Isu tersebut bukan sekadar mitos. Sejumlah penelitian menunjukkan bahwa konsumsi ikan asin, terutama yang diawetkan secara tradisional dengan kadar garam tinggi, memang memiliki kaitan dengan peningkatan risiko kanker nasofaring atau kanker pada bagian atas tenggorokan di belakang hidung.
Proses pengolahan ikan asin secara tradisional melalui penggaraman dan penjemuran dapat memicu terbentuknya senyawa nitrit dan nitrosamin. Senyawa nitrosamin dikenal sebagai zat yang bersifat karsinogenik atau berpotensi memicu perubahan sel yang dapat berkembang menjadi kanker apabila terpapar dalam jumlah besar dan dalam jangka waktu panjang.
Selain itu, kadar garam yang tinggi juga dapat menyebabkan iritasi kronis pada jaringan saluran napas dan saluran pencernaan sehingga semakin meningkatkan risiko gangguan kesehatan.
Meski demikian, masyarakat tidak perlu langsung menghindari ikan asin sepenuhnya. Risiko tersebut umumnya meningkat apabila ikan asin dikonsumsi secara berlebihan, misalnya hampir setiap hari atau dalam jumlah yang banyak.
Dokter Robby Firmansyah melalui Alodokter menjelaskan bahwa konsumsi ikan asin sesekali dalam porsi yang wajar umumnya masih tergolong aman. Risiko akan lebih tinggi apabila makanan tersebut menjadi konsumsi rutin, terlebih jika dipadukan dengan pola makan yang kurang sehat.
Ia juga mengingatkan bahwa anak-anak yang sejak kecil sering mengonsumsi ikan asin diduga memiliki risiko lebih tinggi mengalami kanker nasofaring saat dewasa.

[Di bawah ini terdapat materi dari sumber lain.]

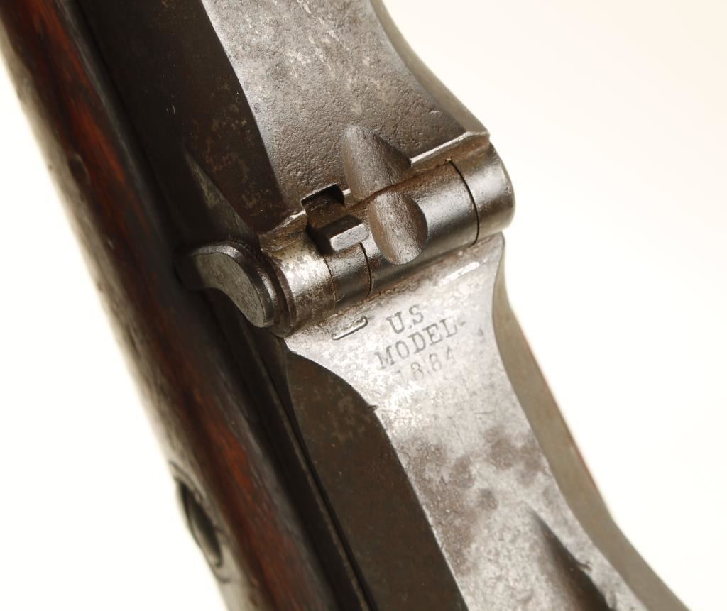 Traditional US Springfield rifle with graduated sights. Clear stamping on lock and US Model 1884 on top. Barrel is also marked 'VP'. The finish has turned to matte brown. 31" barrel with traditional wood stock. Condition is overall Fair to Good for age, Stock has several use dings and scratches and metal shows some mottling and surface rust. *Antique Firearm*
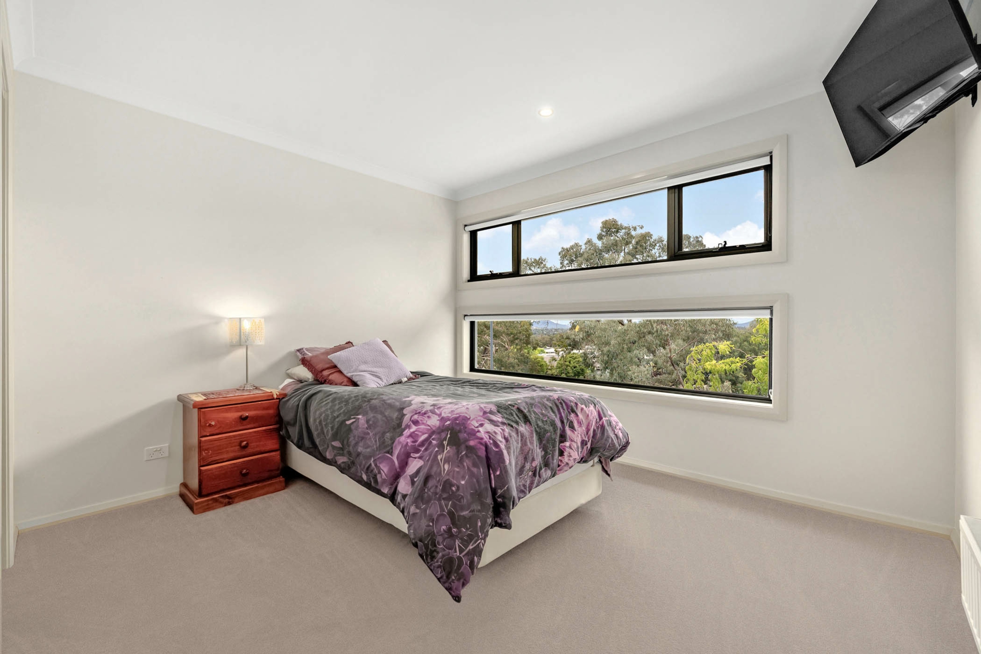 A quality timber staircase guides you through the home's levels, adding character and craftsmanship. In the middle, the oversized main bedroom provides a peaceful retreat with ample storage and a spacious, contemporary ensuite. Further upstairs, the remaining two bedrooms are thoughtfully segregated, offering privacy from the master suite and sharing a neutral main bathroom complete with bath.

Risiko serupa juga dapat ditemukan pada makanan yang diawetkan dengan cara diasinkan maupun diasap karena berpotensi mengandung nitrosamin.

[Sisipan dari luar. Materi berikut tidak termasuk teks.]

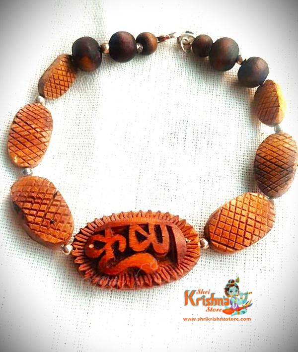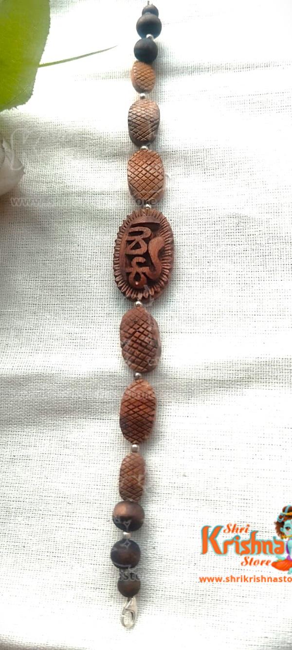 Silver Sterling Tulsi Beads Beautiful Hand Made Krishna Design Bracelet

Di tengah kekhawatiran masyarakat, muncul pula berbagai pandangan mengenai cara mengurangi risiko tersebut. Salah satunya disampaikan Anin (19), yang menilai bahwa cara pengolahan makanan turut memengaruhi tingkat risiko.
"Sebenarnya makan ikan asin tetap bisa berisiko, tapi setidaknya bisa diminimalisir kalau cara masaknya benar. Kuncinya direndam air hangat dulu sebelum digoreng supaya garamnya berkurang. Saat makan juga harus diimbangi sayur dan buah. Memang tidak menutup kemungkinan tetap ada risiko, tetapi setidaknya kita sudah berusaha mencegah," ujarnya.
Pendapat tersebut sejalan dengan anjuran medis. Salah satu langkah sederhana yang dapat dilakukan adalah merendam ikan asin menggunakan air hangat atau air mengalir sebelum dimasak. Cara ini membantu mengurangi kadar garam yang menempel sekaligus membersihkan kotoran pada permukaan ikan.
Selain itu, frekuensi konsumsi juga perlu dibatasi. Para ahli menyarankan ikan asin tidak dikonsumsi setiap hari, melainkan cukup satu hingga dua kali dalam sepekan agar paparan senyawa berisiko tidak terus menumpuk di dalam tubuh.
Masyarakat juga dianjurkan memperbanyak konsumsi sayuran hijau dan buah-buahan yang kaya vitamin C serta antioksidan. Kandungan tersebut dapat membantu menghambat pembentukan nitrosamin di dalam lambung sekaligus melindungi sel tubuh dari kerusakan akibat radikal bebas.
Selain memilih pola makan yang lebih seimbang, masyarakat juga sebaiknya membeli ikan asin yang diproses secara higienis dan tidak menggunakan bahan pengawet tambahan secara berlebihan.
Bagi seseorang yang memiliki riwayat keluarga dengan kanker nasofaring atau sering mengalami keluhan pada saluran napas atas, seperti hidung tersumbat kronis maupun mimisan berulang, pemeriksaan ke dokter THT dianjurkan agar kondisi kesehatan dapat dipantau lebih dini.